HypVector is a JavaScript library for storing and querying embedding vectors directly out of Apache Parquet files. It builds on hyparquet and hyparquet-writer so that a Parquet file on S3 (or local disk) acts as the vector database — any client can run similarity search over HTTP range requests, without a server in between.
- Works in browsers and node.js
- Self-describing files (dimension, metric, normalization, cluster centroids in Parquet KV metadata)
- Exact and approximate (binary + cluster + rerank) search out of the box
- Minimizes data fetching using HTTP range requests
- Includes TypeScript definitions
At 156k 384-dim wiki embeddings (249 MB), a single top-10 query reads ~6 MB across ~160 ranged HTTP fetches with ~91% recall against an exact full scan. Over a localhost HTTP server with 20 ms of injected per-request latency, the rerank path lands at ~140 ms/query vs ~360 ms for an exact full scan.

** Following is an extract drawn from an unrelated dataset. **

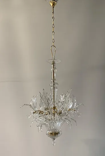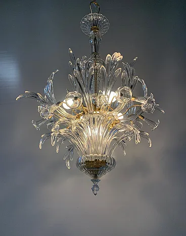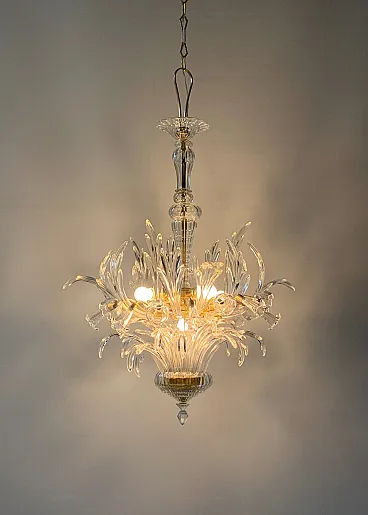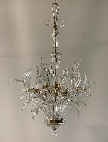 Lampadario a sospensione di grande raffinatezza e presenza scenica, realizzato prevalentemente in vetro soffiato trasparente e caratterizzato da una composizione ricca e articolata. La struttura centrale si sviluppa in verticale con una linea slanciata ed elegante, composta da elementi in vetro lavorato e tornito che si susseguono con equilibrio e precisione, creando un asse decorativo continuo dal punto di attacco al soffitto fino alla parte inferiore. Il corpo luminoso principale è costituito da una fitta corona di elementi in vetro sagomati a forma di foglie, petali o germogli, disposti radialmente in più livelli, dando vita a una composizione floreale ricca e dinamica, quasi esplosiva, che avvolge le sorgenti luminose interne. Questi elementi, leggermente incurvati e irregolari nella forma, rifrangono la luce in modo morbido e scintillante, creando giochi di riflessi e trasparenze che valorizzano l’ambiente circostante. Le lampadine, visibili ma integrate armoniosamente nella struttura, diffondono una luce calda e avvolgente che esalta la lavorazione del vetro e ne amplifica l’effetto decorativo. Nel complesso si tratta di un lampadario imponente, ricercato e altamente ornamentale, pensato per diventare il fulcro visivo dello spazio, ideale per ambienti ampi e rappresentativi come saloni, sale da pranzo o ingressi importanti, dove possa esprimere appieno il suo carattere lussuoso, artigianale e senza tempo.

In the browser, pass a URL string as source and HypVector wraps it as a cached async buffer for ranged HTTP reads. Embed the query with the same model used at write time:
const { searchVectors } = await import('https://cdn.jsdelivr.net/npm/hypvector/src/index.js')
const results = await searchVectors({
source: 'https://example.com/vectors.parquet',
query: queryVec, // Float32Array of length `dimension`
topK: 10,
})
for (const { id, score } of results) {
console.log(score, id)
}To search a local Parquet file in a node.js environment, pass a file path:
import { searchVectors } from 'hypvector'
const results = await searchVectors({
source: 'vectors.parquet',
query: queryVec,
topK: 10,
})Note: hypvector is published as an ES module.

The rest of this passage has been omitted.